Lastly, users can use the statistics with the defined policy to generate the compaction parameters and use these parameters to trigger a compaction job based on the defined job templates.

Statistics system

The statistics system is a new component for the statistics store and retrieval. You can define and store the table/partition level statistics in Gravitino, and also fetch them through Gravitino for different purposes.

For the details of how we design this component, please see #7268. For instructions on using the statistics system, refer to the documentation here.

Policy system

The policy system enables you to define action rules in Gravitino, like compaction rules or TTL rules. The defined policy can be associated with the metadata, which means these rules will be enforced on the dedicated metadata. Users can leverage these enforced polices to decide how to trigger an action on the dedicated metadata.

Please refer to the policy system documentation to know how to use it. For more information on the policy system's implementation details, please refer to #7139.

Job system

The job system is another feature that allows you to submit and run jobs through Gravitino. Users can register a job template, then trigger a job based on the specific job template. Gravitino will help submit the job to the dedicated job executor, such as Apache Airflow. Gravitino can manage the job lifecycle and save the job status in it. With the job system, users can run a self-defined job to accomplish a metadata-driven action system.

In version 1.0.0, we have an initial version to support running the jobs as a local process. If you want to know more about the design details, you can follow issue #7154. Also, a user-facing documentation can be found here.

The whole metadata-driven action system is still in an alpha phase for version 1.0.0. The community will continue to evolve the code and take the Iceberg table maintenance as a reference implementation in the next version. Please stay tuned.

Agent-ready through the MCP server

MCP is a powerful protocol to bridge the gap between human languages and machine interfaces. With MCP, users can communicate with the LLM using natural language, and the LLM can understand the context and invoke the appropriate tools.
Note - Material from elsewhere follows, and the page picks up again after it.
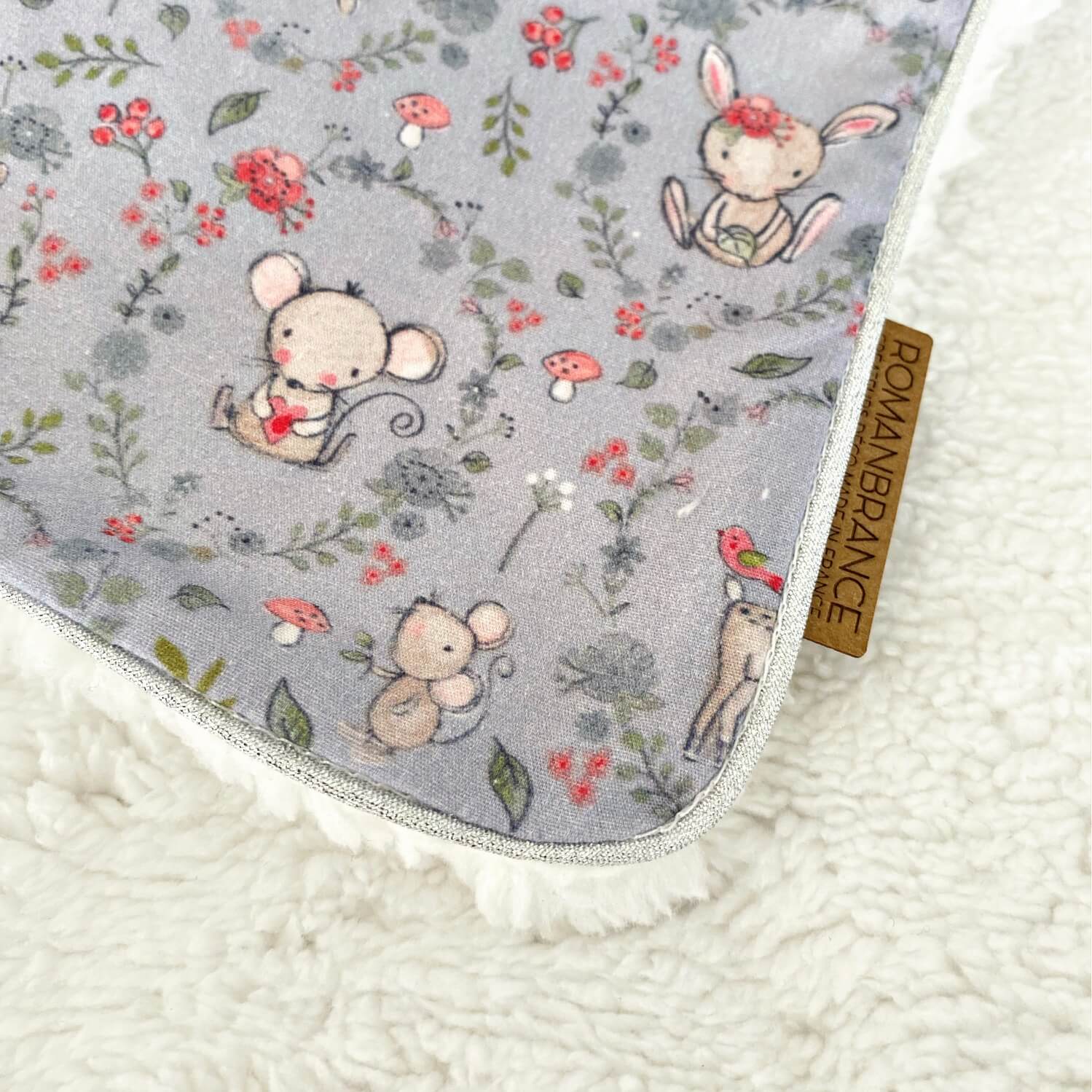 Elle est réalisée avec une face en coton et une face en sherpa tout doux, délicatement souligné d’un passepoil argenté.

In version 1.0.0, the community officially delivered the MCP server for Gravitino. Users can launch it as a remote or local MCP server and connect to various MCP applications, such as Cursor and Claude Desktop. Additionally, we exposed all metadata-related interfaces as tools that MCP clients can call.

With the Gravitino MCP server, users can manage and govern metadata, as well as perform metadata-driven actions using natural language. Please follow issue #7483 for more details. Additionally, you can refer to the documentation for instructions on how to start the MCP server locally or in Docker.

Unified access control framework

Gravitino introduced the RBAC system in the previous version, but it only offers users the ability to grant privileges to roles and users, without enforcing access control when manipulating the secure objects. In 1.0.0, we complete this missing piece in Gravitino.

Currently, users can set access control policies through our RBAC system and enforce these controls when accessing secure objects. For details, you can refer to the umbrella issue #6762.

Add support for multiple locations model management

The model management is introduced in Gravitino 0.9.0. Users have since requested support for multiple storage locations within a single model version, allowing them to select a model version with a preferred location.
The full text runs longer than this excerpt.